Aaron, It is interesting to know of an impending split. Thanks for the info.

Niall, I was told that those lumps were skin worms, a subcutaneous parasite.


Regards,
David


----------



## moloch05 (Dec 18, 2009)

Here is another cropped shot of the Green Tree Python. It really was a lovely snake with the prominent dorsal stipe made up of white and yellow spots.






We stayed in cabins near Lockhart River. Only a couple are finished and several others are being built at the moment so the grounds were really a construction site. Once completedm there will be 7 cabins that are basic but suitable for a trip like this. There also is a larger building with a communal kitchen and all the mod cons. This seemed to be a great place to meet in the evenings before our trips out for herps. Some of the road crew and a grad student who is studying the cockatoos would stop in for a beer on most evenings. 
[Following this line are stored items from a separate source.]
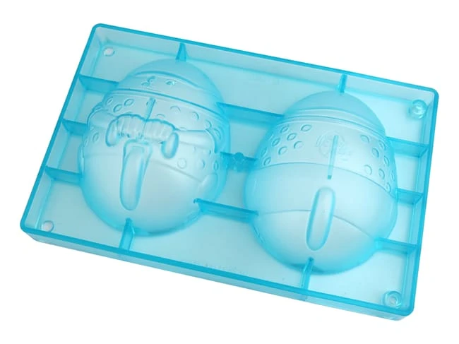 Moule en tritan comportant 2 empreintes pour réaliser 1 Oeuf « Maillot de Cycliste » après assemblage.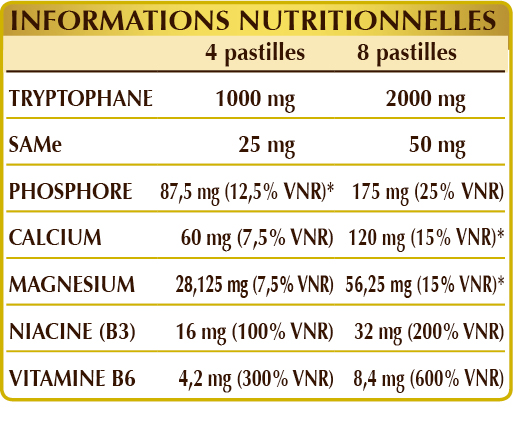 (L-)Tryptophane, phosphate de calcium dibasique, glycérophosphate de magnésium, cellulose microcristalline°, gomme arabique°, dioxyde de silicium°°, SAMe (S-adénosylméthionine disulfate tosylate), vitamine B3 (nicotinamide), vitamine B6 activée (pyridoxal-5-phosphate), stéarate de magnésium d'origine végétale°°.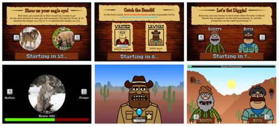 Bounty Hunter (Attentional Control). This task measures attentional control using a modified cued Go/No-Go task (GNG; [23]) comprising four blocks of 60 trials (240 total). During each trial, participants are presented with a go stimulus (i.e., bandit) they must shoot by pressing the keyboard space bar, or a no-go stimulus (i.e., sheriff) they must avoid shooting. Trials have a response window of 700 ms, with go-stimuli presented on 75% of trials. Each trial is preceded by a cue signal based on time of day to indicate upcoming stimuli (i.e., dawn indicates ‘go’ trials; dusk indicates ‘no-go’ trials). A key modification from the original cued GNG task involves stimulus onset asynchronies defined as the duration between cue and stimulus presentation [23]. Traditional cued GNG tasks have short stimulus onset asynchronies (e.g., 300 ms, 400 ms). In contrast, the current measure uses very short stimulus onset asynchronies (50 ms, 200 ms) to challenge attentional control, and long stimulus onset asynchronies (1500 ms, 3000 ms) to foster attentional disengagement, defined as withdrawal of focus from an initial target [24]. The outcome variables are reaction time (for total responses, correct responses, and commission errors), proportion of hits (detecting a go stimulus), proportion of times the no-go stimulus is hit (false alarms or commission errors), and proportion of missed go stimuli (misses).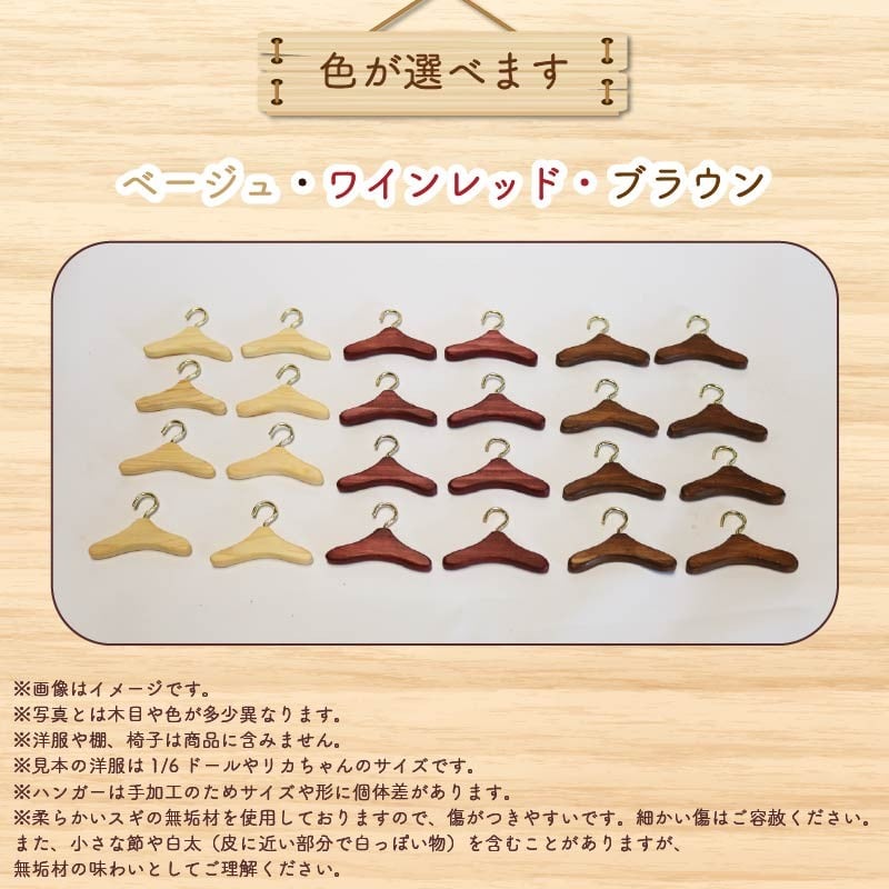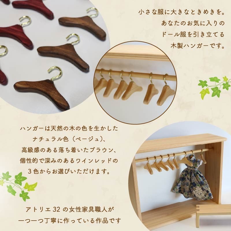 ミニチュア 家具 ドール用 ハンガー 6.5cm 8本 色が選べる ベージュ ブラウン ワインレッド 木製 木工品 インテリア 木 おもちゃ 人形用 静岡県 藤枝市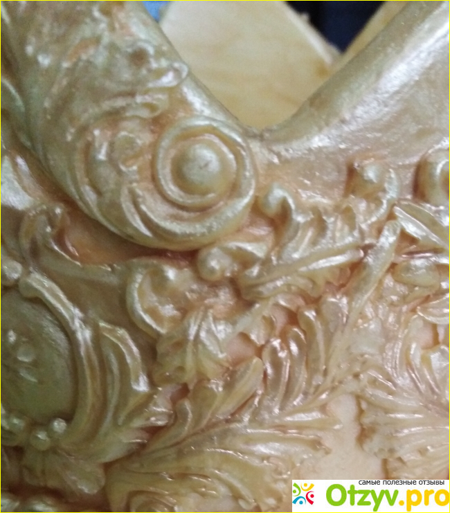 Я сформировала корону и украсила разными резными деталями. У меня есть только пищевой краситель золото российской марки Топ Декор. Называется смесь "Золотая". Но, как мне кажется, не очень оправдывает своё название. Тюбик сам большой-вес красителя 100 грамм. В этом плане он очень экономный, можно использовать довольно долго. Но в то же время очень бестолковый. Чтобы получить хоть какой-нибудь необходимый цвет, нужно покрасить изделие в несколько слоёв. И всё равно цвет будет не тот, который написан на упаковке. Вмешивать его в мастику не пробовала. Мне кажется, что этот краситель не придаст никакого нужного цвета изделию, только потратишь время и краситель.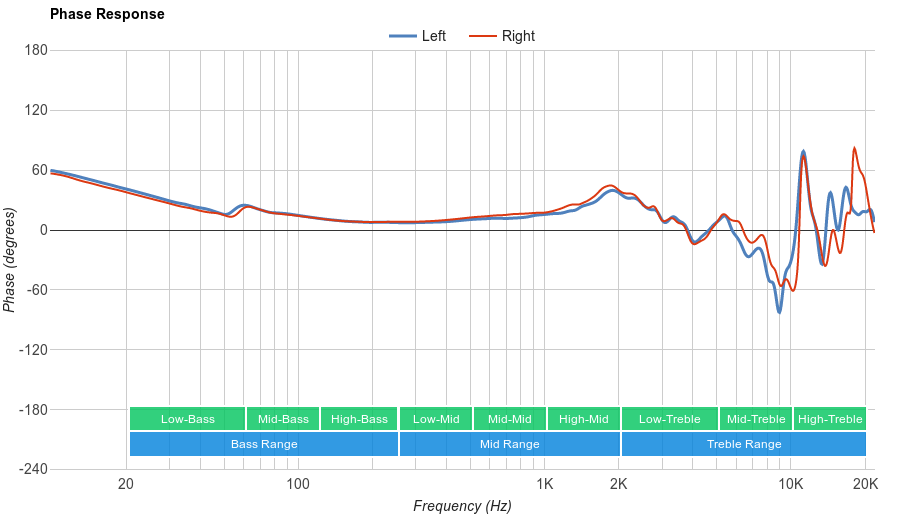 The headphones have impressive stereo mismatch performance. Their weighted amplitude is well-matched, as is the weighted phase mismatch, overall, besides a spike at the upper threshold of hearing. There's a small mismatch in the weighted frequency response, which tilts the stereo image very slightly to the right driver in the highest frequencies. That said, this can vary with different units, so yours may perform differently.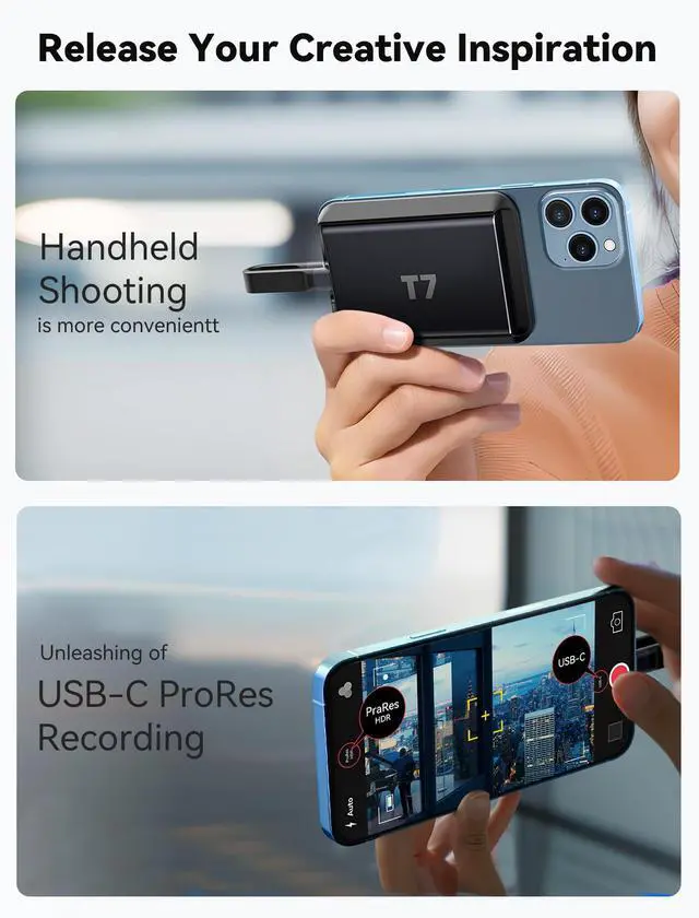 The iPhone 15 Pro & Pro Max have opened up a new world for content creators at every level with the unleashing of USB-C ProRes recording. You can record high-resolution ProRes video, but only if the data is going directly to an external SSD. You dont want the drive dangling from the phone, so we developed a magsafe SSD case for samsung T7 that magnetically clings to the handset. Connect the two via a USB-C cable and youre ready to start recording.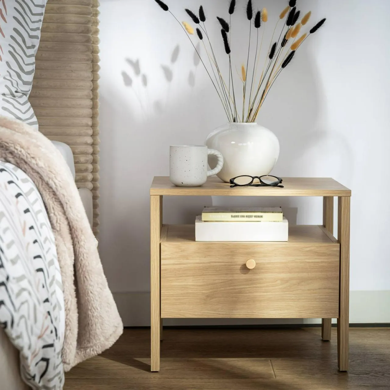 - 1 szuflada – zapewnia wystarczająco dużo miejsca na drobne akcesoria, takie jak ładowarki, książki czy okulary, aby mieć je zawsze pod ręką.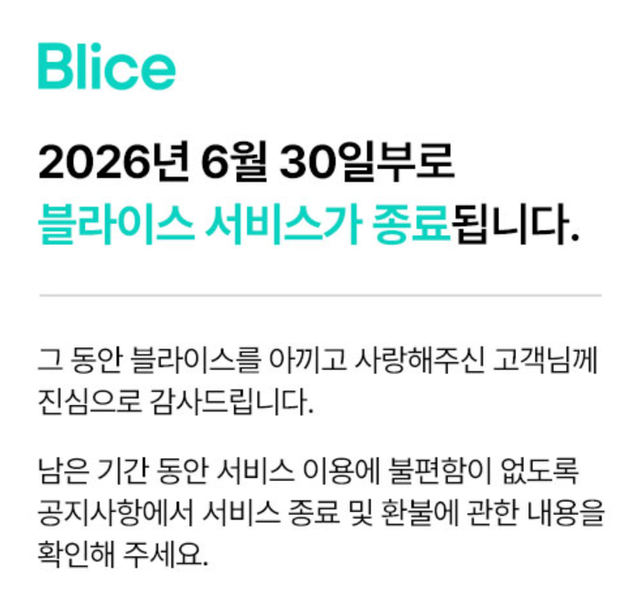 KT의 웹소설 및 웹툰 플랫폼인 블라이스가 사업 환경의 변화로 인해 2026년 6월 30일부로 서비스를 종료한다. 2018년 작가가 직접 작품을 등록하고 판매하는 오픈 플랫폼으로 첫발을 내디딘 지 약 8년 만에 운영을 중단하게 된 것이다. 블라이스 측은 그동안 함께해 준 고객들에게 감사를 표하며, 서비스 종료일까지 안정적인 이용 환경과 원활한 환불 절차를 제공하기 위해 최선을 다하겠다고 밝혔다.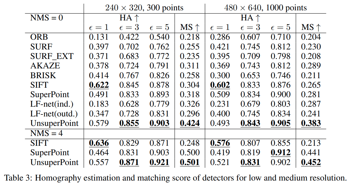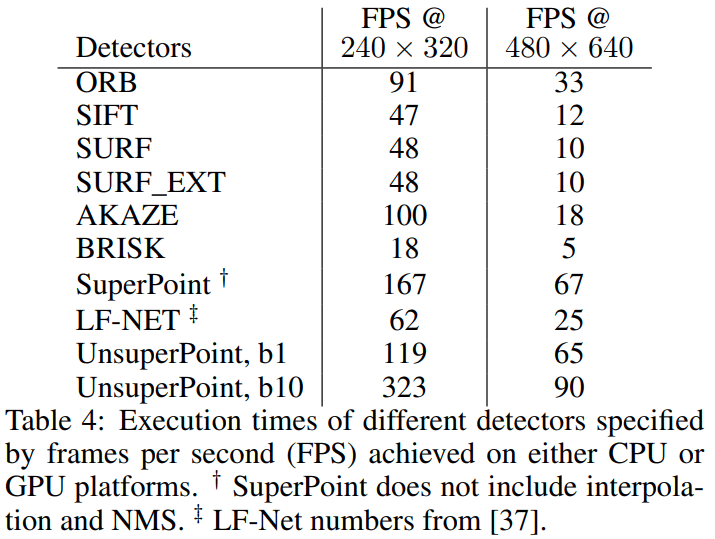 SuperPoint, UnsuperPoint and LF-Net 速度测试环境为: GPU (GeForce Titan X),其他在 CPU (Intel i7-7700HQ).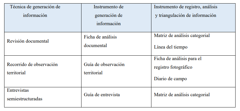 Para la generación y recolección de información se usó la revisión documental, recorrido territorial, y la entrevista. También fue necesario realizar una inmersión en el territorio, conociendo no solo las perspectivas académicas e institucionales, sino dándole valor a las vivencias de los actores de Sabaneta (tabla 1).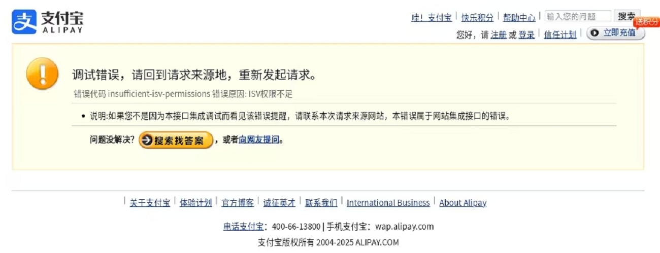 h5端进行支付宝支付提示“错误原因:ISV权限不足”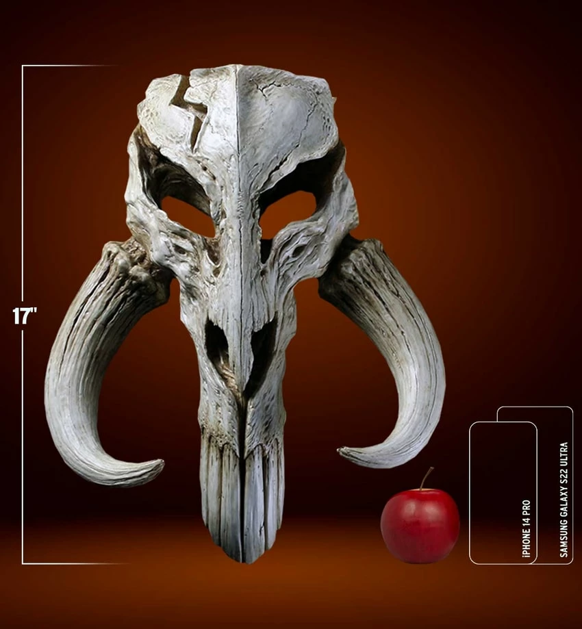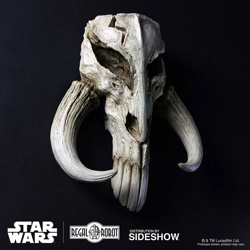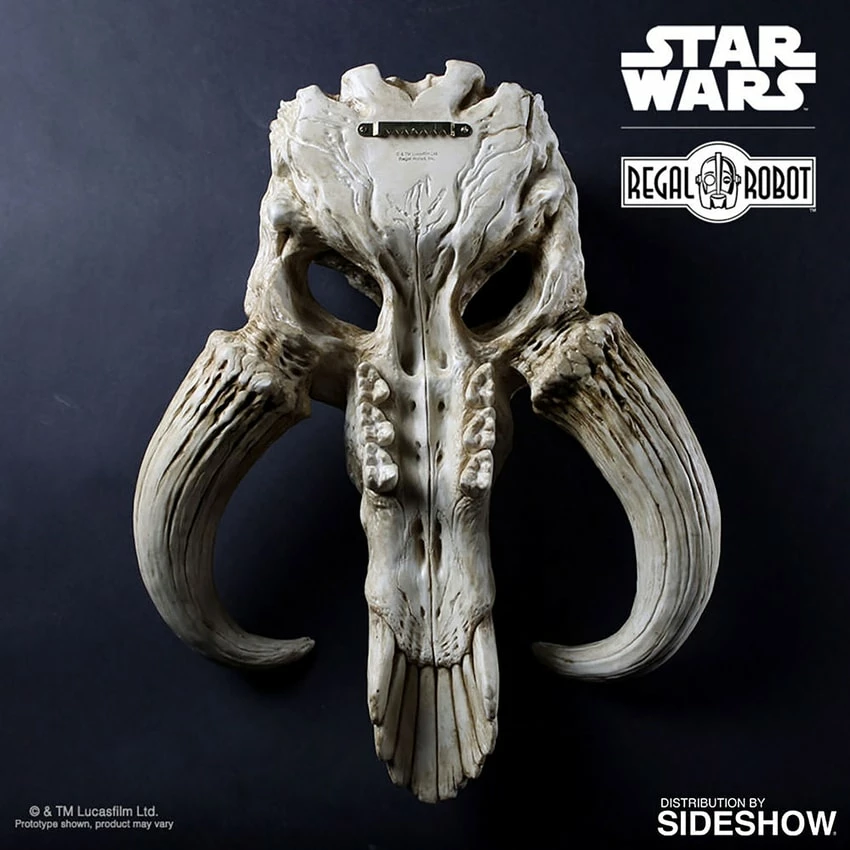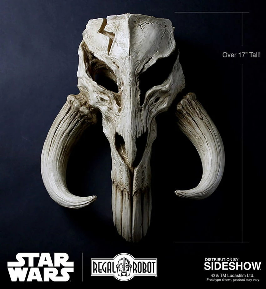 Sideshow and Regal Robot are proud to present the Mandalorian Skull Wall Decor. At over 17″ tall, this imposing and impressive sculpture was inspired the mysterious skull marking seen on the armor of iconic bounty hunter, Boba Fett. Alternatively referred to as a Bantha skull symbol or a Mythosaur skull symbol over the years, we’ve created a realistic interpretation of what that skull may have looked like, and the result pops with boldness and character.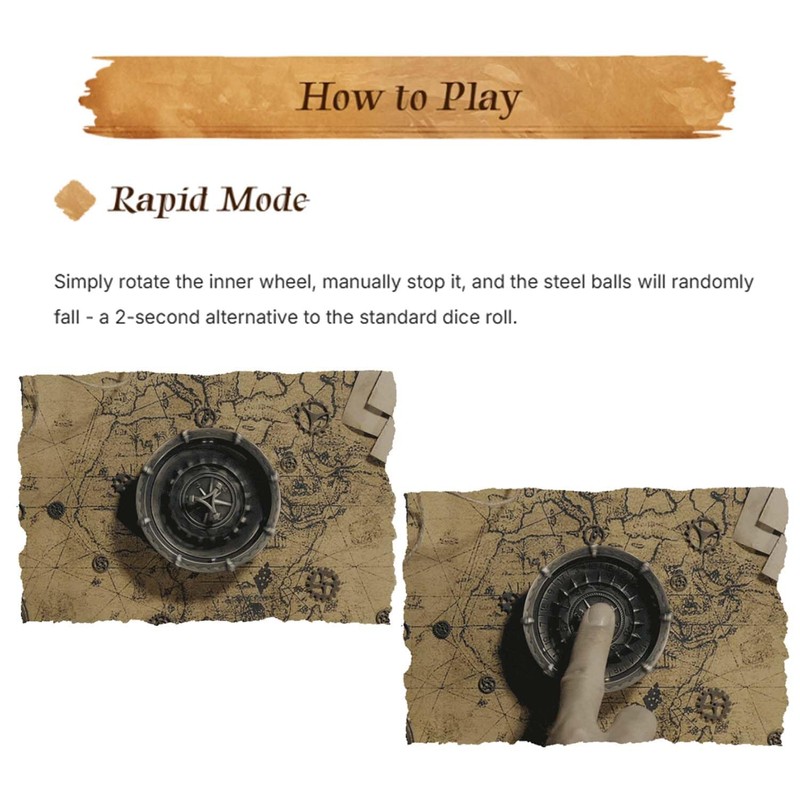 • This unique design requires only one spin.One wheel represents three dice. When the spinning stops, the position of the beads determines the result of the roll, which you can read directly from the wheel. We ensure that the playability of the dice is maintained without losing their fundamental function as dice.Each individual Random dice uses a dual-track design, allowing the dice to rotate in the same or opposite directions when you spin the wheel.
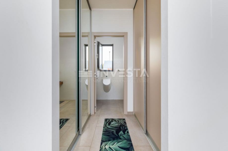Krovna terasa ima otvoren pogled na more i Brijunsko otočje. Na njoj se nalazi vanjski tuš i solarni paneli za grijanje bazena i vode.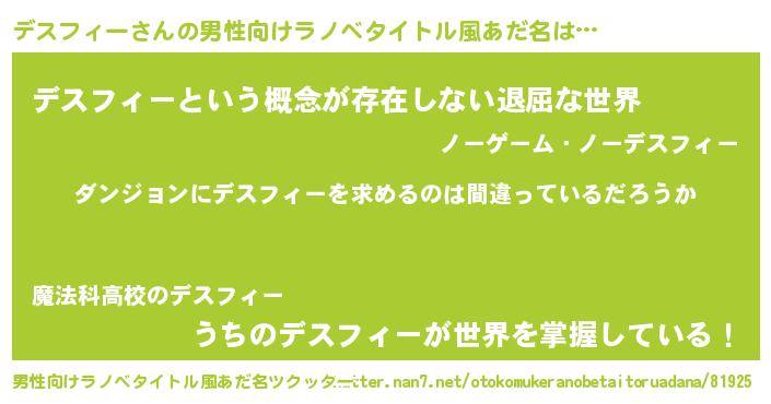 | 女子向けラノベタイトル風あだ名 | 『デスフィーは平凡を望む』 |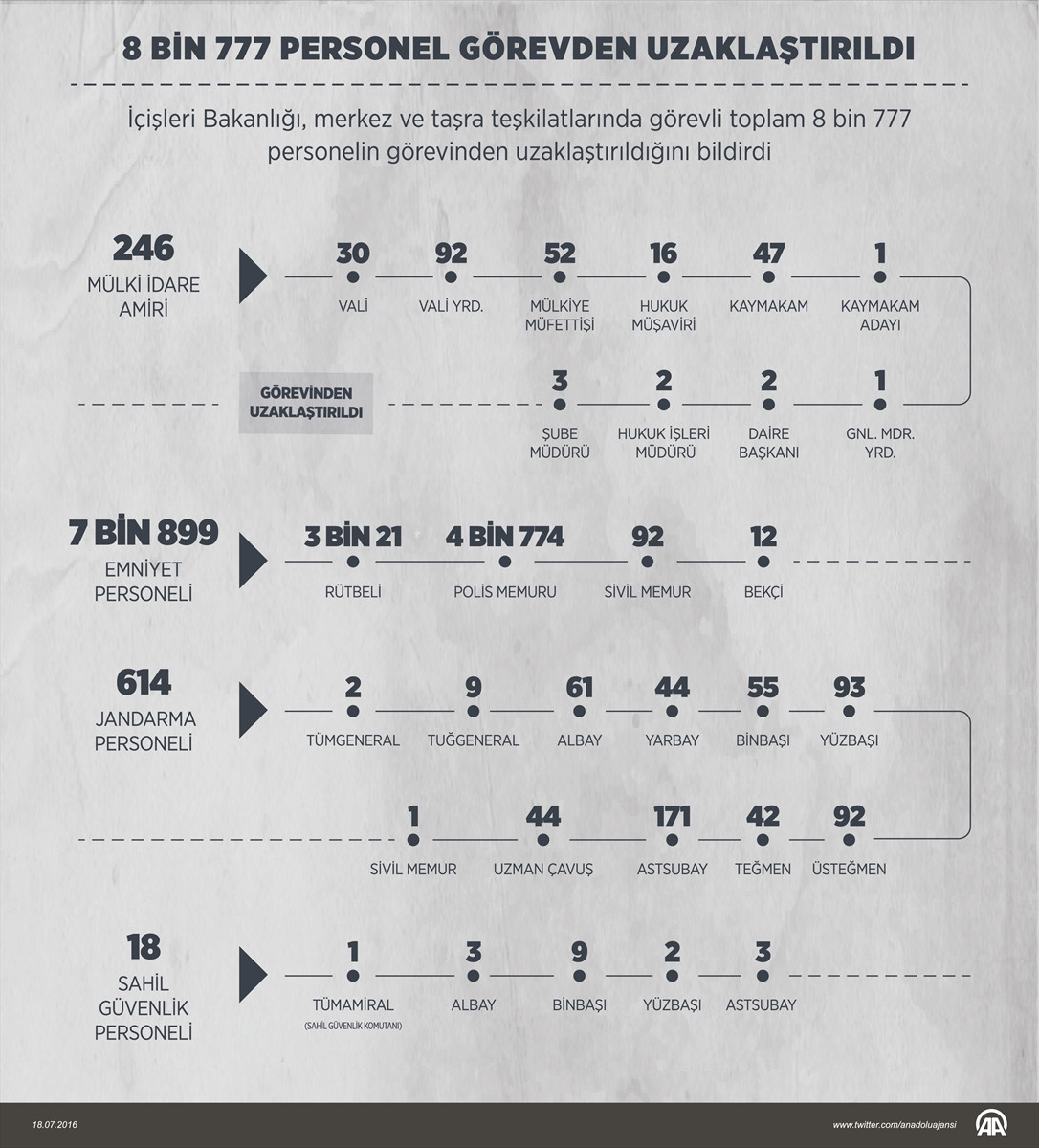 İçişleri Bakanlığından yapılan açıklamada, Bakanlığın merkez ve taşra teşkilatlarında görevli toplam 8 bin 777 personelin görevden uzaklaştırıldığı belirtilmiş, görevden uzaklaştırılanlar arasında, biri il valisi, 29'u merkez valisi olmak üzere, 30 vali, 52 mülkiye müfettişi, 16 hukuk müşaviri, bir genel müdür yardımcısı ve 2 daire başkanı, 3 şube müdürü, 2 hukuk işleri müdürü, 92 vali yardımcısı, 47 kaymakam ve bir kaymakam adayı olmak üzere 246 mülki idare amiri ile 3 bin 21'i rütbeli 4 bin 774 polis memuru, 92'si sivil memur, 12'si bekçi olmak üzere toplam 7 bin 899 emniyet personelinin olduğu bildirilmişti.

The surrounding forest was low and rather scrappy but I did not see any cut trunks. I don't know if the area is revegetating or was always like this. Even though the trees were not big, they produced many interesting birds. It was nice to sit out for breakfast and watch the birds work their way along the edge. I saw/heard quite a few of the Cape York specials this way including: White-faced Robin, White-frilled Monarch, Tawny-breasted Honeyeater, White-tailed Kingfisher, Yellow-billed Kingfisher, Magnificent Riflebird, Northern Scrub-Robin, Chestnut-breasted Cuckoo, Palm Cockatoo, Eclectus Parrot, Red-cheeked Parrot. Other more widely distributed species were also numerous. Here is a view of the forest near the cabin:






... and tiny micro-bats that lived under the roof of the cabin:






We did not see any snakes on the grounds but the owner lost a dog to a Taipan bite not long before our trip.


Regards,
David


----------



## rash (Dec 18, 2009)

wow, very inspiring! makes me want to take a trip! beutifull pics, hows the wicked looking beaks on those palm cockatoos! And to see the gtp, how lucky!!


----------



## Holylemon (Dec 18, 2009)

wow.


----------



## geckoman1985 (Dec 19, 2009)

what a very nice place for reptile i whent to cape york some time ago and seen a few reptiles up theere from native house geckos {ghyara spp) brown tree snakes and sailtys this was back in 2000 in june the trip took 3weeks and we whent right to the top and to thursday island i want to go again with my herping knolige again to there to see gtp in iron range np and also to see what herps inhabit thursday island and the othere islands form the straght im mmaly intrested finding out were our geckos come from wether thay crosed the land bridge between aus and asia or from africa when australia was part of the super land mass sevral million years ago


----------



## whcasual79 (Dec 19, 2009)

gota love the scrub ...


----------



## pythons73 (Dec 19, 2009)

What fantastic photos Moloch,what a awesome area too.That would be a huge moment seeing a wild Chondro in its natural habitat...Well done spotting him-her,such magnificent snakes...MARK


----------



## moloch05 (Dec 19, 2009)

Thanks, everyone.

Pat ("snake whisperer") has been analyzing the gecko. Based on the following photos, he believes that my unknown gecko is _Gehyra baliola_. 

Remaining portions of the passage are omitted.